Now if the numbers are truncated, the result is found by shifting right by eight. Here are the results:

truncate(1.25) = 0×0001 = 1

truncate(1.5) = 0×0001 = 1

truncate(1.75) = 0×0001 = 1

truncate(-1.25) = 0xFFFE = -2

truncate(-1.5) = 0xFFFE = -2

truncate(-1.75) = 0xFFFE = -2

For the positive numbers, the result of truncation is that the fractional part is discarded. The negative number results are more interesting. The result is that the fractional part is lost, and the integer part has been reduced by one. If a series of these numbers had a mean of zero before truncation, then the series would have a mean of less than zero after truncation. Rounding is used to avoid this problem of introduced bias and to make results more accurate.

Truncation is not really the correct term for the example above. More accurately, a “floor” operation is being executed. A floor operation returns the greatest integer that is not greater than the operand.

In a common method of rounding, a binary one is added to the most significant bit of the bits that are to be thrown away. And then a truncation is performed. In the current example, we would add 0.5, represented as 128 decimal or 0×0080 in our 16 bit integer word. So the results in our example are as follows:

round(1.25) = (0×0140 + 0×80) >> 8 = 0×0001 = 1

round(1.5) = (0×0180 + 0×80) >> 8 = 0×0002 = 2

round(1.75) = (0x01C0 + 0×80) >> 8 = 0×0002 = 2

round(-1.25) = (0xFEC0 + 0×80) >> 8 = 0xFFFF = -1

round(-1.5) = (0xFE80+ 0×80) >> 8 = 0xFFFF = -1

round(-1.75) = (0xFE40 + 0×80) >> 8 = 0xFFFE = -2

These results are less problematic than using simple truncation, but there is still a bias due to the non-symmetry of the 1.5 and -1.5 cases. The amount of bias depends on the data set. Even if a set of data to be converted contained only positive values, there is still a bias introduced, because all of the values that end in exactly .5 are rounded to the next highest integer. One way to eliminate this bias is to round even and odd values differently (even and odd to the left of the rounding bit position).

For the more common conversion of Q31 to Q15 numbers, the rounding constant is one shifted left by fifteen, or 32768 decimal, or 0×8000 hexadecimal.
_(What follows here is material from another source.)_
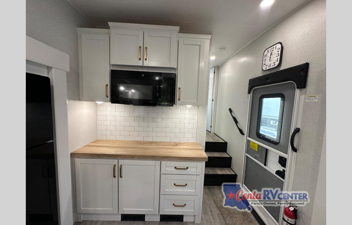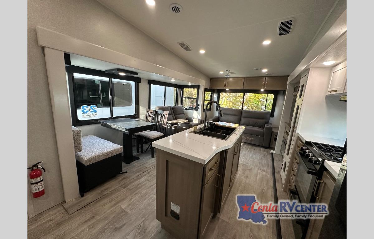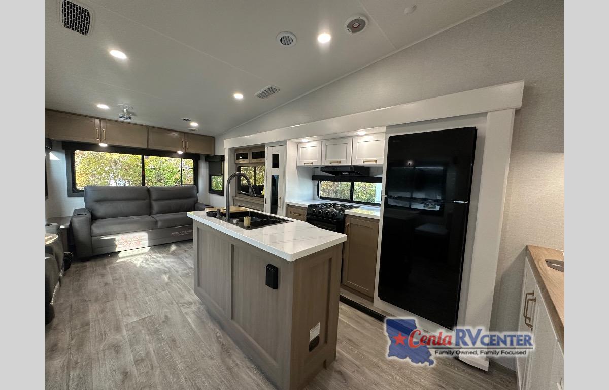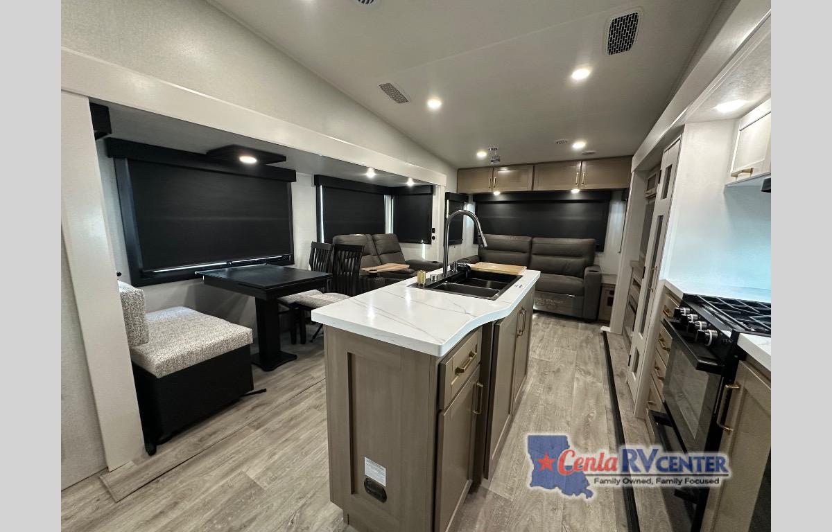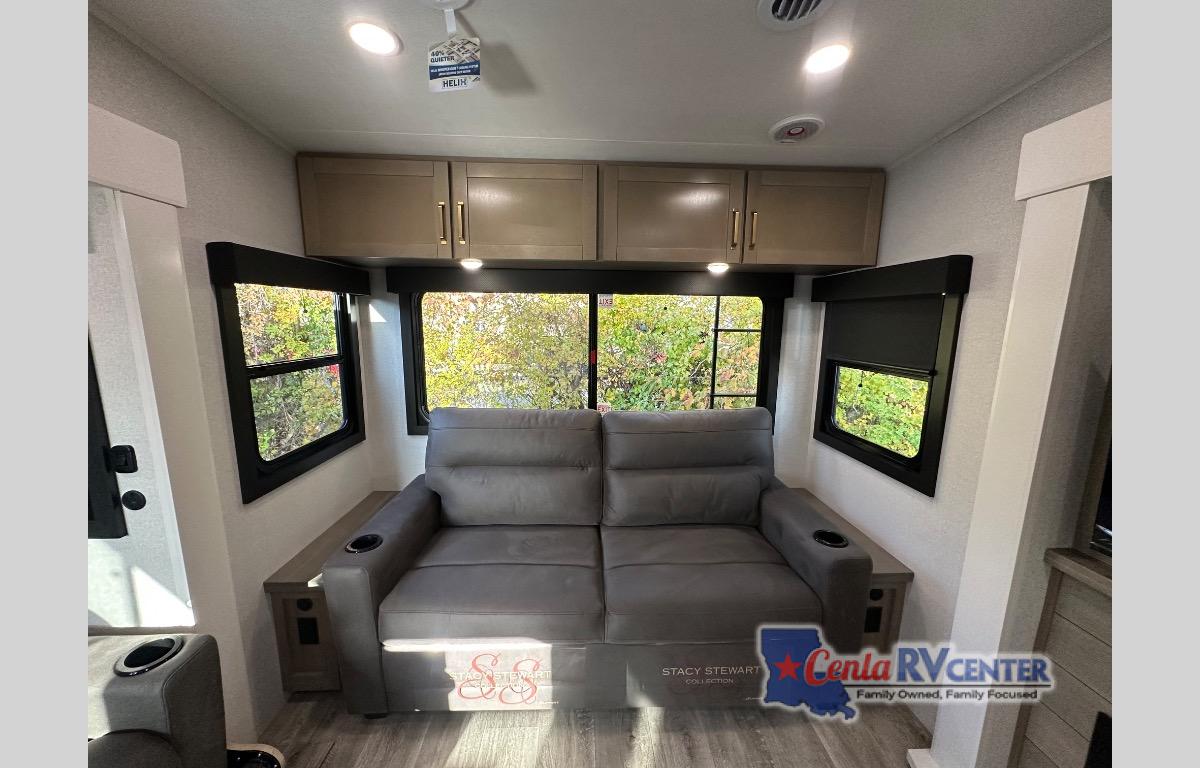 You will love how much interior space you have in this fifth wheel thanks to the dual opposing slides in the combined kitchen and living area! While your crew is relaxing on the theater seat or tri-fold sofa, you can prepare dinner on the GE black and stainless 21" range. There is also an entertainment center and fireplace across from the theater seat for easy viewing, and the table and chairs with a bench will be the perfect place to play a board game at. Head to the front to enjoy the private bedroom with an Olympic queen bed, and the full bath is close by for easy nighttime use!

Some of the Texas Instrument DSPs have rounding instructions that can be performed on the accumulator register prior to saving a result to memory. For example, the TMS320C55x processor includes the ROUND instruction (full name is “round accumulator content”). The instruction has two different modes. The “biased” mode adds 0×8000 to the 40 bit accumulator register. The “unbiased” mode conditionally adds 0×8000 based on the value of the least significant 17 bits. It is designed to address the bias problems I described above. Wikipedia has a good discussion of rounding and bias errors (http://en.wikipedia.org/wiki/Rounding). The TMS320C55x is using the “round half to even” method of rounding for the unbiased mode, and “round half up” for the biased mode.

Although it seems simple on the surface, rounding in fixed point conversions has some important effects on the bias of resulting computations.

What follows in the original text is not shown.